Seen this before, had one of these motors for a LOOOONG time. I won't bet the farm on it but I'd bet my next paycheck.

If it's not needle and seats flooding the carb (I'm guessing it's not if you just checked all that)....

CYL 1 & 2 are still firing but way rich that's why they're black, CYL 3 is already fouled, that's why it's wet (not burning the fuel anymore).

You air idle mix (pilot) screw is likely too far out (OR) they were over tightened in the past and when they are out to spec they are still dumping too much fuel due to flared seat and dished needle (they're brass).

Run them all the way in then back them out in 1/2 turn increments until it'll run. Run it for a couple min then pull and read the plugs. Continue until you get a combination of proper running and correct color on the plugs. Make note of how many turns this is because your motor will be unique to this setting and any time you take it in for a carb clean they're going to screw it up because they're going to set it to factory setting.


----------



## LowHydrogen (Dec 31, 2015)

Forgot to mention you should start that ^^ process with fresh plugs. I recommend NGK B7HS

Good luck let us know what you figure out.

Edit to add: if I'm right you're going to have to back the idle way down once the idle mix screw is adjusted correctly. It was idling low like you described because you were drowning the plugs but not giving them any air (throttle blades closed w/ too much fuel). 
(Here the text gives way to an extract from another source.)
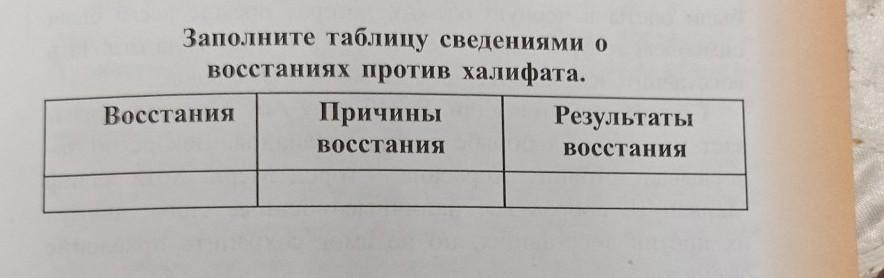 Заполните таблицу сведениями о восстаниях против халифата.

Once the screw is right it'll be idling leaner and trying to rev up, if so you'll know you're on the right track.


----------



## bryson (Jun 22, 2015)

@Smackdaddy53 We didn't pull the jets out initially since we didn't want to risk stripping any threads or breaking anything off, but they were cleaned while we had the carbs apart, and it seemed like everything was alright. The Yamaha "carb kit" was surprisingly light -- basically just new floats and needles. New jets are $30 per carb. New pilot screws are $20 per carb. I don't want to throw $150 worth of parts at it unless I know it's the problem, so hopefully I can reuse most of what I have after I disassemble it a bit more (or hopefully I find something that's clearly the problem). The fact that she's running rich rather than lean was making me look away from the fuel pathways, though there may be something in one of the vacuum ports or something.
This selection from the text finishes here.